**PROBLEM**. Please provide the entries below again, word for word.

--- START ---

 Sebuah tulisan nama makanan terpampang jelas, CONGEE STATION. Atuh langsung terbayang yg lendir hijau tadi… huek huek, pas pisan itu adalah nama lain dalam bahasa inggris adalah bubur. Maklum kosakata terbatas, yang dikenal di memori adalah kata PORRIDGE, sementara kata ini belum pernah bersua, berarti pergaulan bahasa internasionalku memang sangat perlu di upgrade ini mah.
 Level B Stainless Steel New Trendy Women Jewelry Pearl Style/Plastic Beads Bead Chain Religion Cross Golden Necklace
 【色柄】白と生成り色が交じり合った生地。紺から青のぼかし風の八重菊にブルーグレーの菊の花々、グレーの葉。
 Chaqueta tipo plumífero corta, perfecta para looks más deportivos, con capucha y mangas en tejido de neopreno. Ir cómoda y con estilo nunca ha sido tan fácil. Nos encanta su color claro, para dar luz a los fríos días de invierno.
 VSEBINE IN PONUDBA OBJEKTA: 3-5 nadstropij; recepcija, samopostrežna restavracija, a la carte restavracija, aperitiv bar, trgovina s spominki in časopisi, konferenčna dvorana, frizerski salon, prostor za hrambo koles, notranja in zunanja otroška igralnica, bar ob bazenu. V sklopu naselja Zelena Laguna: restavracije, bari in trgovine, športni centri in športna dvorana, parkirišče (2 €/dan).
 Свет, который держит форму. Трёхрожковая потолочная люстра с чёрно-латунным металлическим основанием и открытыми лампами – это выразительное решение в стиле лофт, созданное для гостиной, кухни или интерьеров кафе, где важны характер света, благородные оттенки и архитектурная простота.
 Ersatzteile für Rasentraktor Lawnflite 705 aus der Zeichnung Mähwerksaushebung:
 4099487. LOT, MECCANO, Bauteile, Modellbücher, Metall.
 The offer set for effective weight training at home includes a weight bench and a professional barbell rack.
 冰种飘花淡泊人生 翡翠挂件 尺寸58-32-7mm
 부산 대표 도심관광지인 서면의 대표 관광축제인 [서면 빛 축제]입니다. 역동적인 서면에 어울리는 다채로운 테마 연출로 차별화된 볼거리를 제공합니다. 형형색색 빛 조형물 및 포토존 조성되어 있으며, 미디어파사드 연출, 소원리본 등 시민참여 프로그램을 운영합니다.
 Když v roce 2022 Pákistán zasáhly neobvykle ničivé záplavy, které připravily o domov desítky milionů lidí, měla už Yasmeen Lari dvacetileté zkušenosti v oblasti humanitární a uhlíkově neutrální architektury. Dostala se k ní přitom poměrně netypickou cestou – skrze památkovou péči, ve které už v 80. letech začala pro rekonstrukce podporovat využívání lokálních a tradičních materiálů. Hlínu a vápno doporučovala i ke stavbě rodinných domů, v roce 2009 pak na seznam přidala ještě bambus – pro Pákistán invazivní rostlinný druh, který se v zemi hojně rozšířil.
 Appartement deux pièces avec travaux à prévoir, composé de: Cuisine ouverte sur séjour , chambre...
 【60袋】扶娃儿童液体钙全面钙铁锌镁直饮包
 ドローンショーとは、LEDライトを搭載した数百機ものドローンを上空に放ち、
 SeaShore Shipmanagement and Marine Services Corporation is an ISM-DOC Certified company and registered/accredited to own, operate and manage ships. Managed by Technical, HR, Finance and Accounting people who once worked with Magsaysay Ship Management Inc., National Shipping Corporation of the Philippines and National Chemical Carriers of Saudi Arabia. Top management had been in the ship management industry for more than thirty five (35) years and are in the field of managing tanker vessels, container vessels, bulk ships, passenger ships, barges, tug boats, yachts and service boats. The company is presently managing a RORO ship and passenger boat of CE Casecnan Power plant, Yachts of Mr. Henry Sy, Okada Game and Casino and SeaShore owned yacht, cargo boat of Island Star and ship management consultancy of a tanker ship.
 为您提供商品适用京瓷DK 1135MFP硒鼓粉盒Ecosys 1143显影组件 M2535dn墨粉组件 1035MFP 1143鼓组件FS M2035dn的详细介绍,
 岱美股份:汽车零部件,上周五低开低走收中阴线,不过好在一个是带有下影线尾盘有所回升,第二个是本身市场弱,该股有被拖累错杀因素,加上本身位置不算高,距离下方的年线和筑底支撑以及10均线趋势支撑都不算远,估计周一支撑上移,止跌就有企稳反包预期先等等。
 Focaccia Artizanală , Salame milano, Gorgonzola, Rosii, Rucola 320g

--- END ---

**ANSWER TO THIS TASK**.
 Sebuah tulisan nama makanan terpampang jelas, CONGEE STATION. Atuh langsung terbayang yg lendir hijau tadi… huek huek, pas pisan itu adalah nama lain dalam bahasa inggris adalah bubur. Maklum kosakata terbatas, yang dikenal di memori adalah kata PORRIDGE, sementara kata ini belum pernah bersua, berarti pergaulan bahasa internasionalku memang sangat perlu di upgrade ini mah.
 Level B Stainless Steel New Trendy Women Jewelry Pearl Style/Plastic Beads Bead Chain Religion Cross Golden Necklace
 【色柄】白と生成り色が交じり合った生地。紺から青のぼかし風の八重菊にブルーグレーの菊の花々、グレーの葉。
 Chaqueta tipo plumífero corta, perfecta para looks más deportivos, con capucha y mangas en tejido de neopreno. Ir cómoda y con estilo nunca ha sido tan fácil. Nos encanta su color claro, para dar luz a los fríos días de invierno.
 VSEBINE IN PONUDBA OBJEKTA: 3-5 nadstropij; recepcija, samopostrežna restavracija, a la carte restavracija, aperitiv bar, trgovina s spominki in časopisi, konferenčna dvorana, frizerski salon, prostor za hrambo koles, notranja in zunanja otroška igralnica, bar ob bazenu. V sklopu naselja Zelena Laguna: restavracije, bari in trgovine, športni centri in športna dvorana, parkirišče (2 €/dan).
 Свет, который держит форму. Трёхрожковая потолочная люстра с чёрно-латунным металлическим основанием и открытыми лампами – это выразительное решение в стиле лофт, созданное для гостиной, кухни или интерьеров кафе, где важны характер света, благородные оттенки и архитектурная простота.
 Ersatzteile für Rasentraktor Lawnflite 705 aus der Zeichnung Mähwerksaushebung:
 4099487. LOT, MECCANO, Bauteile, Modellbücher, Metall.
 The offer set for effective weight training at home includes a weight bench and a professional barbell rack.
 冰种飘花淡泊人生 翡翠挂件 尺寸58-32-7mm
 부산 대표 도심관광지인 서면의 대표 관광축제인 [서면 빛 축제]입니다. 역동적인 서면에 어울리는 다채로운 테마 연출로 차별화된 볼거리를 제공합니다. 형형색색 빛 조형물 및 포토존 조성되어 있으며, 미디어파사드 연출, 소원리본 등 시민참여 프로그램을 운영합니다.
 Když v roce 2022 Pákistán zasáhly neobvykle ničivé záplavy, které připravily o domov desítky milionů lidí, měla už Yasmeen Lari dvacetileté zkušenosti v oblasti humanitární a uhlíkově neutrální architektury. Dostala se k ní přitom poměrně netypickou cestou – skrze památkovou péči, ve které už v 80. letech začala pro rekonstrukce podporovat využívání lokálních a tradičních materiálů. Hlínu a vápno doporučovala i ke stavbě rodinných domů, v roce 2009 pak na seznam přidala ještě bambus – pro Pákistán invazivní rostlinný druh, který se v zemi hojně rozšířil.
 Appartement deux pièces avec travaux à prévoir, composé de: Cuisine ouverte sur séjour , chambre...
 【60袋】扶娃儿童液体钙全面钙铁锌镁直饮包
 ドローンショーとは、LEDライトを搭載した数百機ものドローンを上空に放ち、
 SeaShore Shipmanagement and Marine Services Corporation is an ISM-DOC Certified company and registered/accredited to own, operate and manage ships. Managed by Technical, HR, Finance and Accounting people who once worked with Magsaysay Ship Management Inc., National Shipping Corporation of the Philippines and National Chemical Carriers of Saudi Arabia. Top management had been in the ship management industry for more than thirty five (35) years and are in the field of managing tanker vessels, container vessels, bulk ships, passenger ships, barges, tug boats, yachts and service boats. The company is presently managing a RORO ship and passenger boat of CE Casecnan Power plant, Yachts of Mr. Henry Sy, Okada Game and Casino and SeaShore owned yacht, cargo boat of Island Star and ship management consultancy of a tanker ship.
 为您提供商品适用京瓷DK 1135MFP硒鼓粉盒Ecosys 1143显影组件 M2535dn墨粉组件 1035MFP 1143鼓组件FS M2035dn的详细介绍,
 岱美股份:汽车零部件,上周五低开低走收中阴线,不过好在一个是带有下影线尾盘有所回升,第二个是本身市场弱,该股有被拖累错杀因素,加上本身位置不算高,距离下方的年线和筑底支撑以及10均线趋势支撑都不算远,估计周一支撑上移,止跌就有企稳反包预期先等等。
 Focaccia Artizanală , Salame milano, Gorgonzola, Rosii, Rucola 320g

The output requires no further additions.